With Philip’s departure, court life once more relapsed into the dull monotony only to be expected when the sovereign was an unhappy, middle-aged woman of uncertain health. Unlike her father or sister, Mary rarely went on progress. Even when she was not indisposed, she hesitated to travel far from her own palaces, conscious of the fact that a royal visit would lay an unnecessary burden on her subjects at a time of severe hardship.
Yet we catch glimpses of Mary at court conscientiously carrying out her ceremonial duties as queen. She touched for the Evil, rubbing her fingers on the swollen glands of the afflicted, just as her sainted forebear, King Edward the Confessor, had done. On Maundy Thursday she washed the feet of the poor and gave alms and hospitality, in memory of the Last Supper when Christ washed the feet of his disciples and of His commandment to them to love one another. As the choir chanted the Miserere and other psalms, Mary withdrew to change out of the gown she was wearing, one of fine purple cloth lined with marten’s fur and sleeves that swept the ground, returning to give it to the oldest and poorest of the women.
By September 1556 Philip had still not returned to her and Mary was reduced to writing a pleading letter to her father-in-law, who was on the verge of retiring to a monastery in Spain, having ceded the Spanish crown to Philip. England had fallen into a deplorable state, she told him. ‘I am not moved by my personal desire for his presence, although I confess I do unspeakably long to have him here, but by care for this kingdom.’ The country needed a strong hand if it was not to fall into chaos.
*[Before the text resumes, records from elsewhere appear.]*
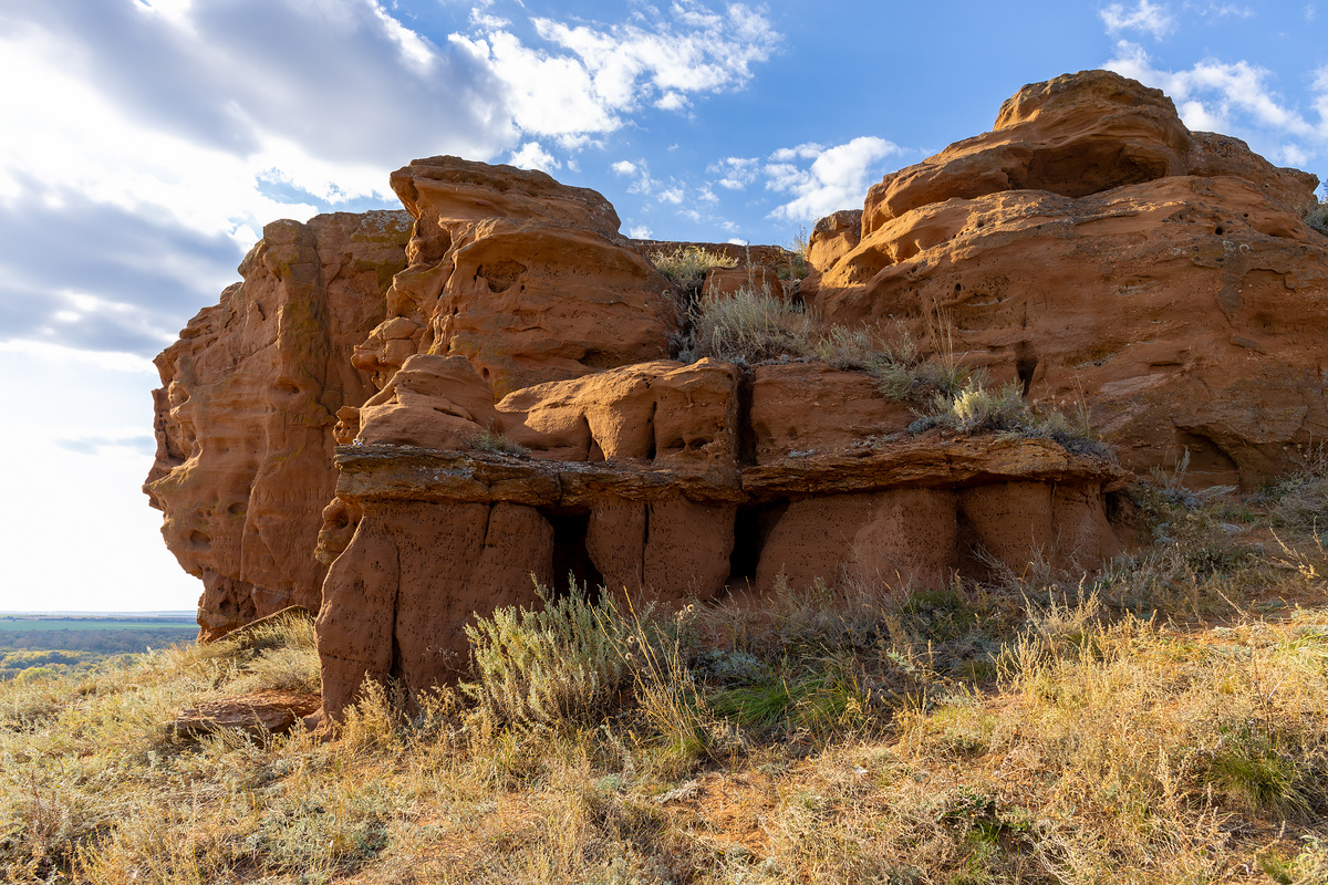 Обрыв сложен красноцветными косослоистыми песчаниками нижнетатарского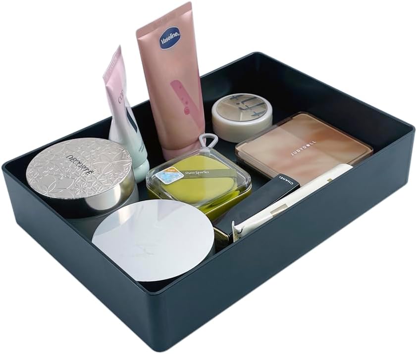 Amazon Basics Rectangular Plastic Desk Organizer with Storage Trays, Accessory Tray, 9.4 x 6.7 x 2 inch, Black, 1 Pack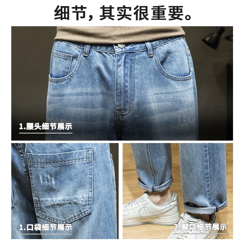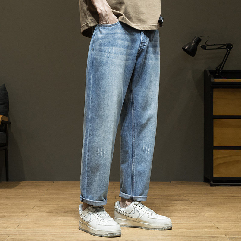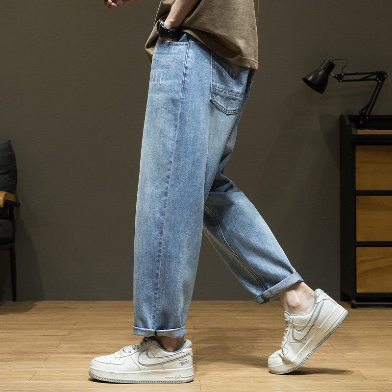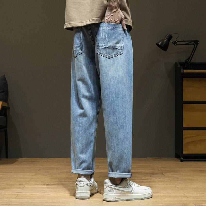 休闲直筒萝卜加绒长裤 宽松大码 子 男春季 天丝莱赛尔锥形九分牛仔裤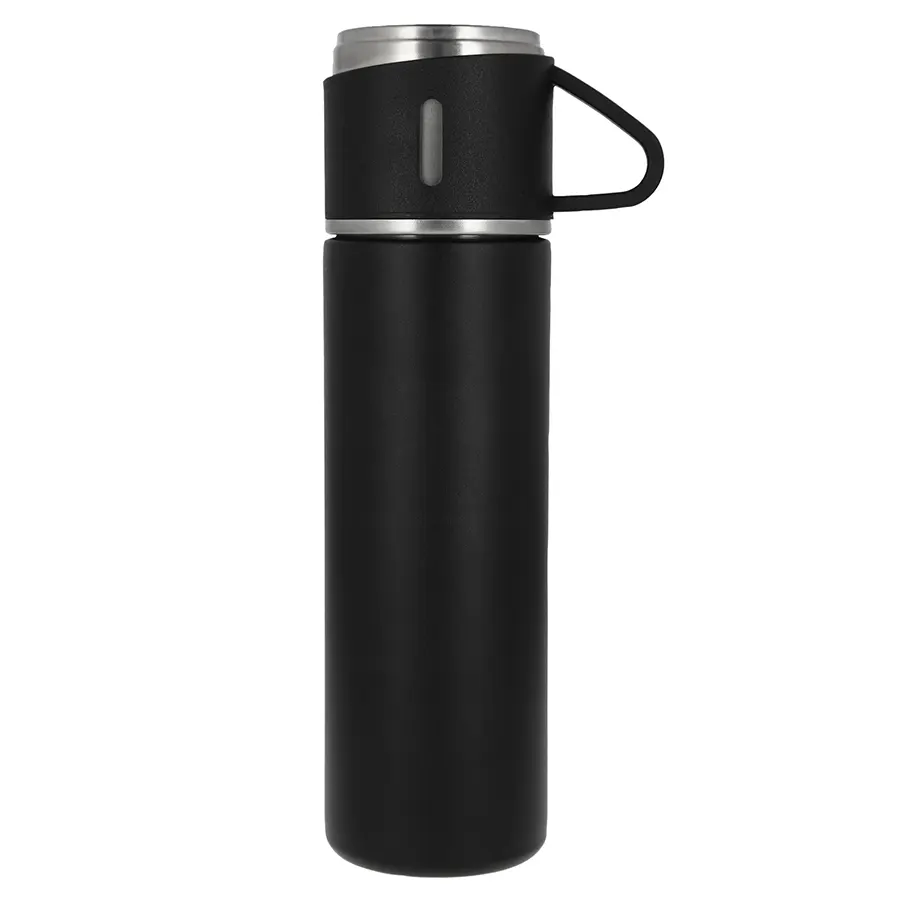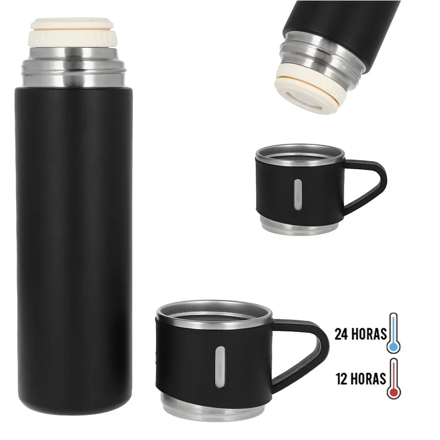 Termo con doble pared de acero inoxidable insulado al vacío. Acabado rugoso y tapa de rosca con asa que se utiliza como taza.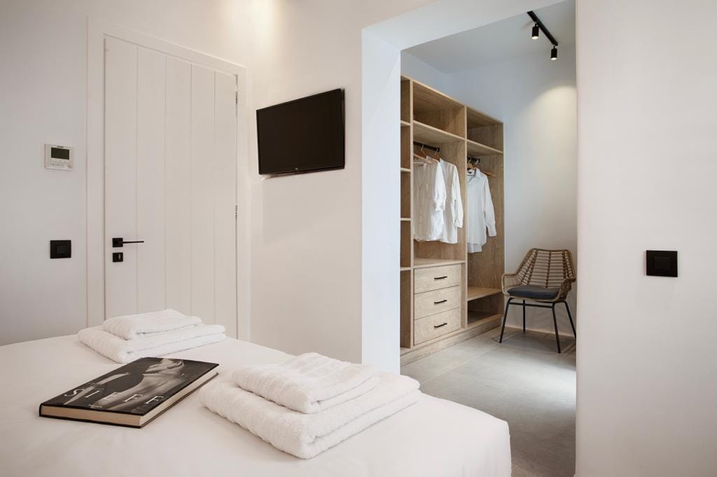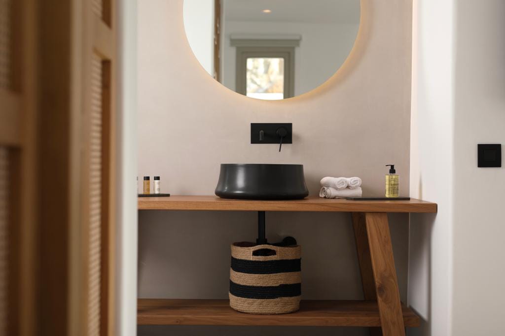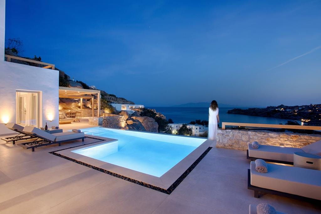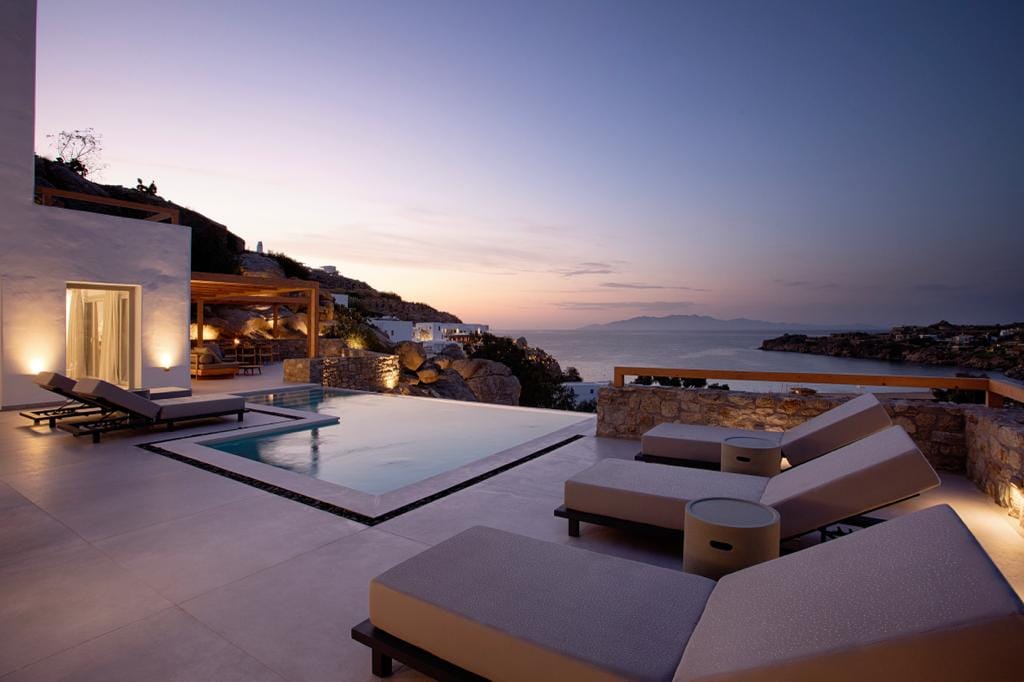 The outdoor area has an infinity private swimming pool, sunbeds, a very nice lounge area, and a shaded dining table, all with unobstructed views of the Aegean sea and super paradise beach. Some would say that is the ideal place to relax and enjoy your holidays with your loved ones.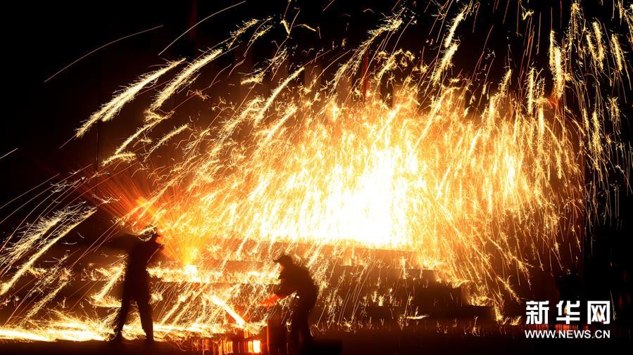 1月12日,河北磁縣開始舉行“打鐵花”慶新年活動?!按蜩F花”是以小煉鐵爐將生鐵化成鐵水后,用木板將鐵水加鋸末打上天空,鋸末在空中燃燒形成“鐵花火雨”四濺飛揚的景象。打鐵花”是當?shù)貧v史悠久的民俗娛樂活動。新華社發(fā) (趙鴻宇 攝)

When Philip did return in March 1557, the reason was blatantly obvious: it was to embroil England in his ongoing war with France. The worst fears of those who had opposed the Queen’s foreign marriage were being realized. It seemed that despite the legislation designed to counteract it – the marriage treaty – a queen had no more power than any other woman to withstand a husband’s pressure.
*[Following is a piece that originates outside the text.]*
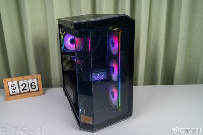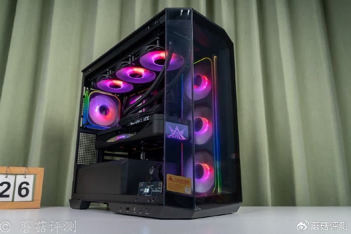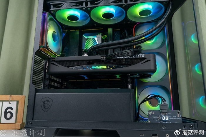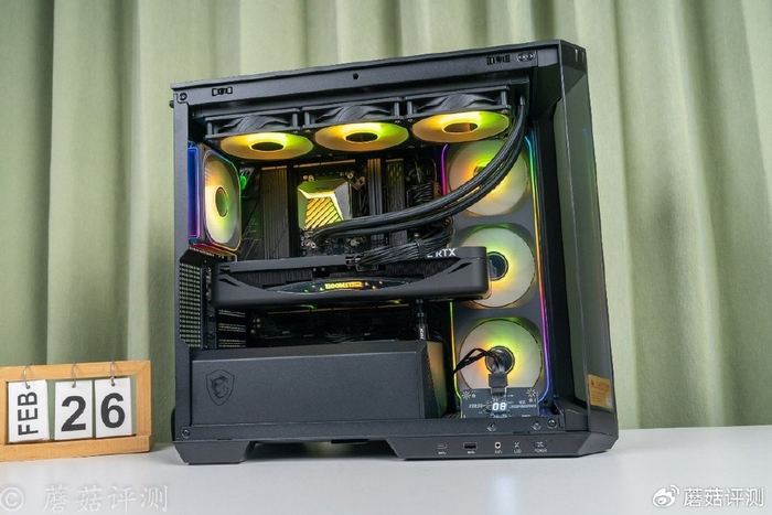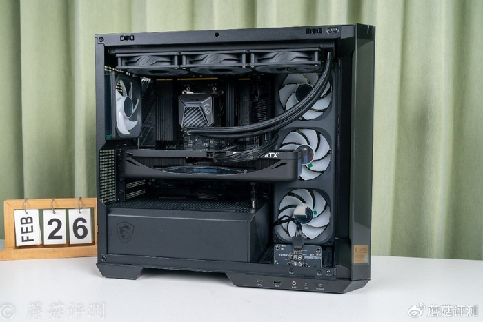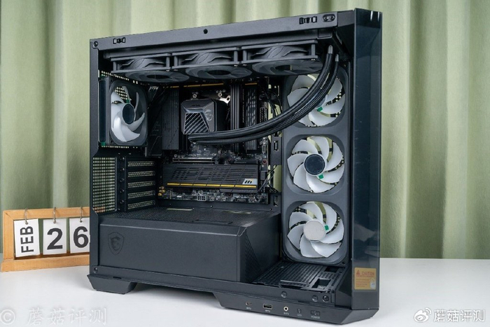 ▼微星这款机箱采用海景房设计,侧面安装一把机箱风扇用于进风,后面安装一把机箱风扇用于出风。

The Emperor’s adviser, the Bishop of Arras, wrote confidently to Philip the following month that he trusted England would be moved to declare war on France by ‘the Queen’s desire to please you in every way’. Hitherto Mary had resisted all Philip’s entreaties to declare war, but now he told her categorically that unless she persuaded the Council, she would never see him again. Still passionately in love with him, she was reduced to summoning individual counsellors to her room and threatening them with dismissal if they did not do what she asked. They were prepared to offer Philip money and troops, but stopped short of a declaration of war. He would accept nothing less. In the end, it was the Protestant exile Thomas Stafford’s French-sponsored attack on the east coast at Scarborough that thrust England into war.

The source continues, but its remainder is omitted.